О Господи (не поминай Господа всуе), слава Труду, поехали! Мерно загудели своды туннеля над крышей вагона, народ качнулся в одну сторону, подался обратно, и осторожно застыл, ожидая новых сюрпризов от машиниста. Мимо быстрым шагом метнулись в сторону эскалатора две девушки в чёрных кожаных плащах. Неразговорчивый сотрудник метро решил, видимо, что «уже хватит издеваться над этими примитивными гуманоидами», и лишний раз тормозить не стал, а вместо этого плавно увеличил скорость, так что две торопыги неспешно проплыли перед нами и остались позади, а в широких витринах (язык не поворачивается назвать их окнами) заструились ровные ряды силовых кабелей. Море людских голов неподвижно колыхалось в такт покачиванию состава, пытаясь удержать равновесие и не слишком напирать на уже и так в мясо раздавленных соседей. Я попытки привести в порядок свой вестибулярный аппарат прекратил уже давно, потому что со спины на меня напирал нехилый орга-зм (тут часто возникают вопросы. Я подобным образом сокращаю слово «организм», и ничего со мной не поделать, нравится мне так) весом около полутора центнеров (надо запретить таким ездить в общественном транспорте, — нахождение в непосредственной близости от них может привести к непоправимому ущербу для здоровья). Отдавшись колыханию людского потока, я уютно пристроился на хрупкой груди девушки, уткнувшись ладонями в стенку где-то у неё за спиной, и закрыл глаза. Чуть заметно начала наливаться тяжестью и неприятной, липкой теплотой голова. Веки и ресницы вокруг неизбежно сдавались в тяжкой борьбе с Морфеем. Вагон спал.
При въезде на следующую станцию нервно завибрировал рукав куртки. Рванувшись за выплывающим в Большой Мир людским потоком, я на ходу расстегнул карман, и достал телефон. На маленьком цветном экранчике, обведённом некрасивой голубой каёмкой, прыгал анимированный панк, топтавший немытыми пятками надпись «миссис Хадсон». Только Ксени мне сейчас и не хватало. Нажав на красную кнопку, я сунул аппарат сотовой связи обратно и, ловко лавируя между прижимавшими со всех сторон толпами пассажиров, двинулся к эскалатору. Сзади на плечо легла чья то рука, так что я даже вздрогнул и всерьёз обеспокоился за своё лицо. Обычно этот жест ничего доброго не предвещал. Но рука тут же отдёрнулась, и утонула в толпе. Боязливо оглянувшись, я припустил к движущейся лестнице, и тут увидал в толпе Ксюху. Вся конспирация летела к чёрту! Очень здорово приходить на первое свидание со старой знакомой! Пришлось прибиваться к столбу и терпеливо ждать, пока Ксеня справиться с суровым прибоем из очередного поезда.
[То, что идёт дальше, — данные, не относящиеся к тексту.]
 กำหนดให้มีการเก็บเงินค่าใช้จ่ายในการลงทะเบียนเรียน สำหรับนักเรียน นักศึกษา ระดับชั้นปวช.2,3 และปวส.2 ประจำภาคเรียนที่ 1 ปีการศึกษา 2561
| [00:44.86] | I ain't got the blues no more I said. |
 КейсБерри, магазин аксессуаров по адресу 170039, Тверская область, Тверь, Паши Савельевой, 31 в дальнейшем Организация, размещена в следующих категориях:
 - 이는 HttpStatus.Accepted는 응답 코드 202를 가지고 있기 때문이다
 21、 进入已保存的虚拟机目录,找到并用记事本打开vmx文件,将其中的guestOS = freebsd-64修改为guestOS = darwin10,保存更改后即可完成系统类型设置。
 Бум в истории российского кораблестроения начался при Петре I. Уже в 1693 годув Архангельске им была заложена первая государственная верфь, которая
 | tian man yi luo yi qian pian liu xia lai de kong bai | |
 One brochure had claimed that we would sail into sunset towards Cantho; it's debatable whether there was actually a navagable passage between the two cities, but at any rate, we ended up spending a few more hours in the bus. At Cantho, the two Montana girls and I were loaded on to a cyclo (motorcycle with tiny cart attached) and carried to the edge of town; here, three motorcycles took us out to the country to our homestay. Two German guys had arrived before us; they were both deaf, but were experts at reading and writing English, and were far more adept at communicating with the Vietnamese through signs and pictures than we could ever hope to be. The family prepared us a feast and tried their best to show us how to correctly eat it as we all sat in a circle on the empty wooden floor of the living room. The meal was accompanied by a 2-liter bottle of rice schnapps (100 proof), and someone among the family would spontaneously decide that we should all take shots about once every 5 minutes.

В отъёзжающем вагоне широко и с душой зевнула бабушка, так что я даже испугался за судьбу её хрупких жевательных органов, непомерно напрягшихся в процессе настолько серьёзного физического действия.
«Привет» — выдохнула Ксю, вырывая голубую сумку со Снупом из пространства между дородной женщиной и сухоньким мужичком, похожим на профессора. Только сейчас я заметил, что цвет её косметички и моего телефона удивительно похожи.
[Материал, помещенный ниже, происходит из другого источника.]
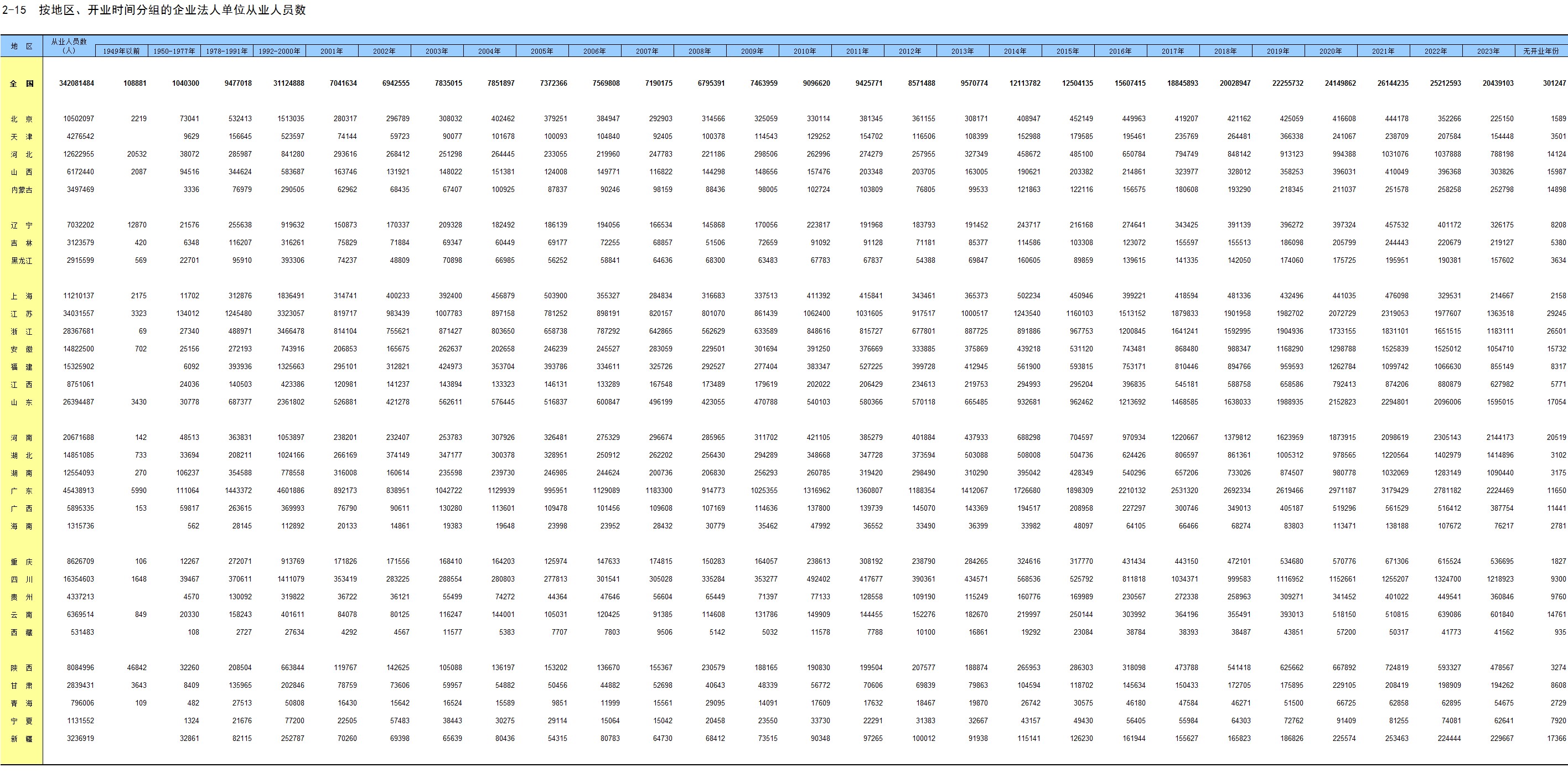 2-15 按地区、开业时间分组的企业法人单位从业人员数

«Хэллоу» — изобразив жизнерадостность, парировал я.
«Ты откуда?»
«Забиваю на пары. А ты только в „Муху“ собралась?»
Надежда умирает последней, но в этот раз проверенное годами правило не сработало. Разговор только начался, а Рица (это отдельная история, — в семье Ни«куку»личевых, как их предпочитал именовать Ефим, культовой на моей исторической родине, было в ходу поголовное перепутывание имён домашней мохнатой любимицы неизвестной мне породы, — Рицы, и младшей наследницы, — Ксюши, так что услышать «Рица, фу!» из уст представителей клана в отношении девушки, заражённой врождённым блондинизмом было не редкостью) уже успела похоронить все мои надежды, — «Нет, сегодня я отдыхаю. Собралась рисовать Казанский. А тебе не по пути?». Ответ напрашивался сам собой, если бы вчера я не получил sms от Лисы с предложением встретиться не на Восстания, а у левой колонны Казанского, ближе к Грибаналу, и имел необоснованную глупость на него согласиться.
«Нет. Я в „Блин“. Надо договориться диски записать с Тимуром», — давно я так легко не врал. Но маленькая ложь не во вред, не правда ли?
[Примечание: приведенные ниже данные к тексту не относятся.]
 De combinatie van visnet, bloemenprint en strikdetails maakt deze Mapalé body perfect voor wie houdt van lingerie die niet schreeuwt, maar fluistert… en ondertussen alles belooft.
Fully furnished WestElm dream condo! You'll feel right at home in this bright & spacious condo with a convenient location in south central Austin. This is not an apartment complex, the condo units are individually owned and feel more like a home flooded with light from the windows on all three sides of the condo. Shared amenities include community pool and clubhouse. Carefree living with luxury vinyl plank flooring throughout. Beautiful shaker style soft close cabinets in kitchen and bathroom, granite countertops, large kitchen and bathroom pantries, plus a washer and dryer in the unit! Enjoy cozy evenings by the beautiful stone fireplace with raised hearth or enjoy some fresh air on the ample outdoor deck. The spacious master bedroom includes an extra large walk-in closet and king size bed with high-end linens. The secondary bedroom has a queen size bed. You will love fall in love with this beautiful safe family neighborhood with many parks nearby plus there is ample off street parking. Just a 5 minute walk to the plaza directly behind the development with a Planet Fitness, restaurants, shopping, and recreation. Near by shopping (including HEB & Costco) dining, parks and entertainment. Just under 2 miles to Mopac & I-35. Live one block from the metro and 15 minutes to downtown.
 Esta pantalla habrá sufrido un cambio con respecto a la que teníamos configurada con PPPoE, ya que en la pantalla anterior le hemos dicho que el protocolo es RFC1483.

«Ну пошли вместе, подождёт Казанский», — надо сказать, что Ксеня рисовала. Не знаю, хорошо или плохо, я в этом деле не эксперт, но лично моё скептическое мнение о ней уже твёрдо сложилось и никак не хотело меняться. Я считал эту задумчивую и самодостаточную девушку довольно посредственным художником, что, впрочем, никак не мешало ей учиться в художественно-промышленной академии. Отмазываться, однако, уже было надо.
«Нет, я, наверное, один. Ты же не знаешь Тимура. Он очень девушек стесняется. Давай лучше я сейчас быстро слетаю до Блина, а потом заберу тебя от Казанского. Хорошо? Ты пока немного порисуешь», — мне казалось, что такой бредятины я давно не плёл, но Ксеня неожиданно улыбнулась и что-то уж слишком легко согласилась.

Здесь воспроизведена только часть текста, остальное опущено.